# GS6SHAXMB00 Whirlpool side-by-side Fridge Ice Maker Ice Door



## davesan1 (Mar 4, 2008)

Ice dispenser exit/door keeps freezing up and blocking. I believe it is due to the rubber seal on the ice exit door being worn and letting humid air into the ice maker ice shute. I have bought a replacement ice door, but I'm having trouble getting the old door out. I managed to unlatch it from the swivel assembly but there appears to be no room to get it out without removing the whole assembly. I suspect that the whole ice/water exit panel is removable and "clicks out" on spring clips, thus allowing me access to the ice shute mechanism, but I'm afraid to pull it too hard in case it breaks. Need some advice please. Note: the part in question is a black square plastic pad approx 3" by 3" with a soft rubber pad attached to one side of it. Unfortunately it is bigger than the shute that the ice comes down so I cannot get it out, even after removing the shaft/spring securing screw. Please help! 

Thanks

Dave


----------



## davesan1 (Mar 4, 2008)

*Sorry, Model # is Whirlpool GD5RHAXNQ00*

Ref my previous request for help, sorry, I got the wrong model #. Correct one is side-by-side Whirlpool, model # *GD5RHAXNQ00.*

Also, after doing more work, I believe that my problem might be resolved by just removing the "Ice Guide." This is a clear plastic piece that attaches to the dispenser mechanism and guides the ice down the shute.

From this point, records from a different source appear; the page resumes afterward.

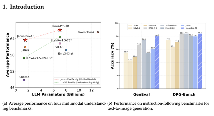 1月28日凌晨,人工智能社区Hugging Face显示,DeepSeek发布了开源多模态模型Janus-Pro,拥有10亿和70亿参数规模,相比此前的语言和推理模型,本次发布的新模型重点在于文生图能力方面。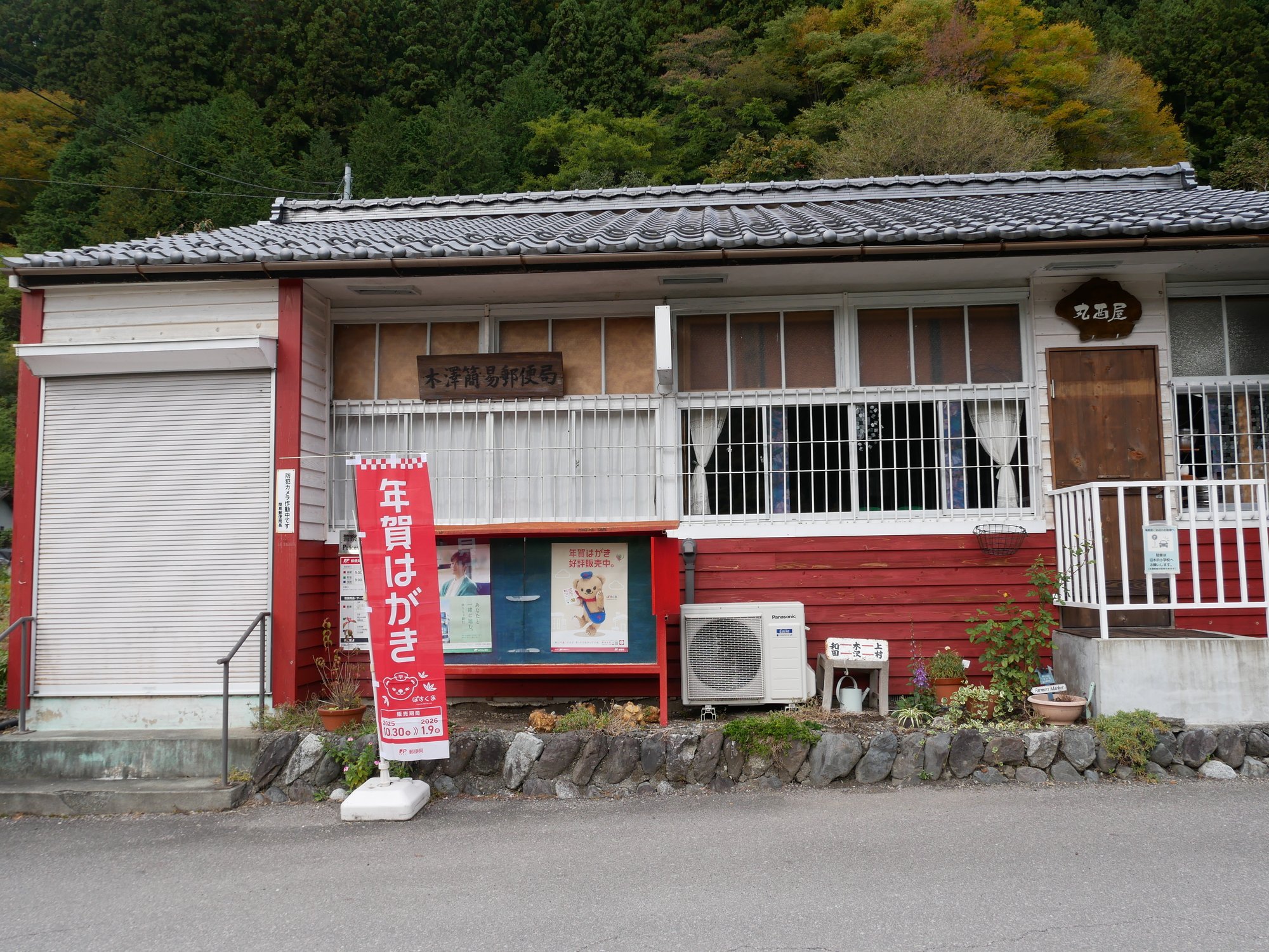 木沢地区はとても小さな集落ですが、簡易郵便局がありました。町中の郵便局とは違って民家を間借りしているかのよう。隣は丸西屋という蕎麦屋です。
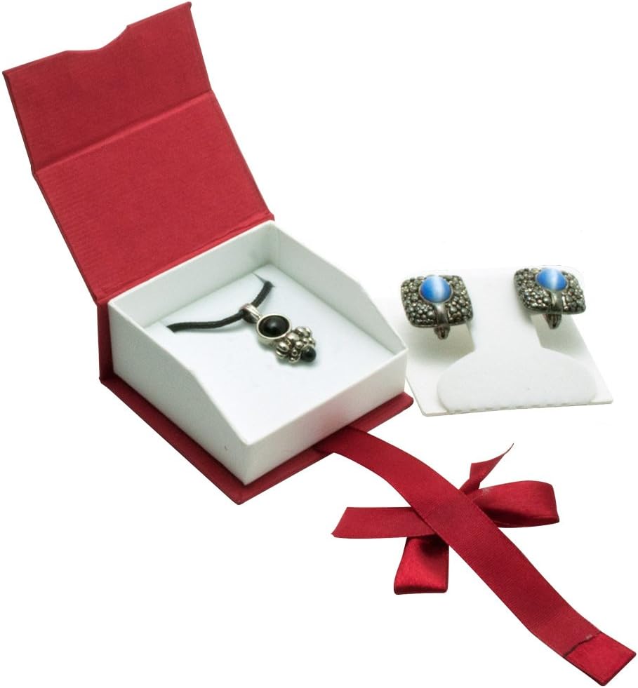 This box has a T-shaped insert that will work well for earrings or pendants. The elegant paper box has a red bow that wraps around the front of the box and fastens with a magnetic closure. It's easy to make a beautiful presentation with these boxes!

If removed it would allow me to remove the old Ice Door and insert the new one. It is attached to the mechanism by 2 "spring plastic" clips. They are very tight and feel that they will break if I put too much leverage on them. Please advise if this is the solution, and give me confidence, (or otherwise), to leverage these clips a little harder.

Thank You

Dave


----------